Yearly Archives: 2021

The Long-Term Effects of Short Selling and Negative Activism

Peter Molk is Associate Professor of law at the University of Florida Levin College of Law and Frank Partnoy is the Adrian A. Kragen Professor of law at the University of California Berkeley School of Law. This post is based on their recent paper. Related research from the Program on Corporate Governance includes The Long-Term Effects of Hedge Fund Activism by Lucian Bebchuk, Alon Brav, and Wei Jiang (discussed on the Forum here); Dancing with Activists by Lucian Bebchuk, Alon Brav, Wei Jiang, and Thomas Keusch (discussed on the Forum here); and Who Bleeds When the Wolves Bite? A Flesh-and-Blood Perspective on Hedge Fund Activism and Our Strange Corporate Governance System by Leo E. Strine, Jr. (discussed on the Forum here).

First, the punch line of our new empirical study: activist short selling, which we call “negative activism,” has real and lasting long-term effects. On average, the share prices of targeted companies fall by more than 20% after four years. Accounting returns plummet. Targets are more likely to be sued and investigated by regulators. The numbers are staggering.

Meanwhile, GameStop-style attacks have led some short sellers to flee the market, and targets are being placed on others. Regulators are debating new short selling restrictions. Investors are focused on the mechanics of short selling. Some public company executives are eager to deter short selling. Members of Congress are attacking short sellers, often without evidence.

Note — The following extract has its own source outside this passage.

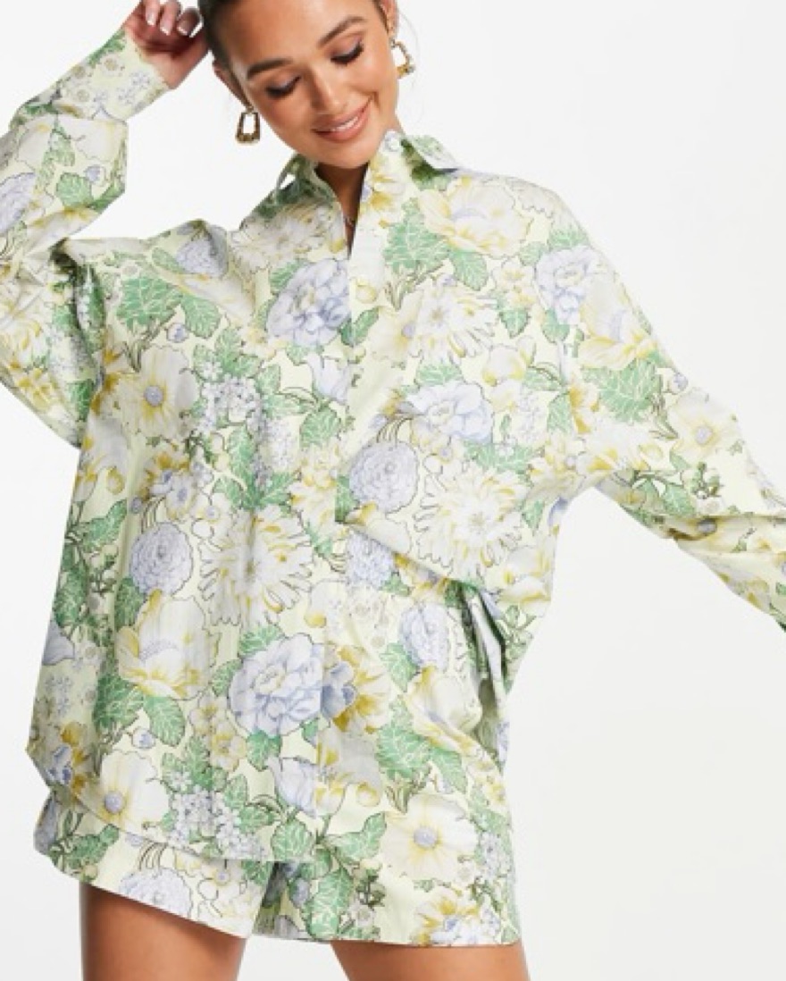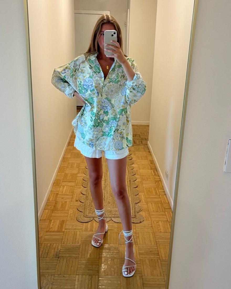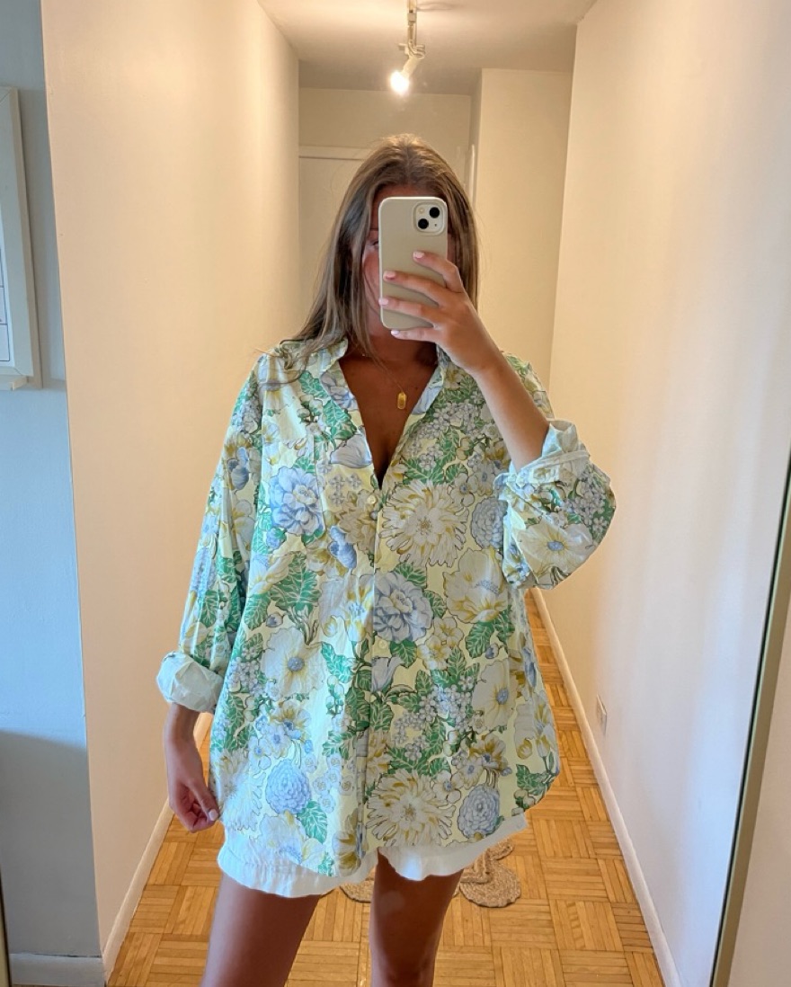 The MOST fun hydrangea print button down!!!! Amazing for summer or east coast vacation!! Was originally part of a set but I only have the top. Runs TTS, I sized up for ab oversized look - SO SO cute with shorts and heels or sandals

Many readers of this Forum are familiar with the two main results in the literature on “positive” activism. Its announcement is associated with a short-term share price increase in the range of +7%, and this price increase is reflected in long-term improvements in shareholder value. Scholars have replicated these findings repeatedly during the past decade, generating a lively and important debate that continues today. The early literature spawned an entire field of study, and the threat of positive shareholder activism has become a front-of-mind reality for practitioners, board members, and market participants.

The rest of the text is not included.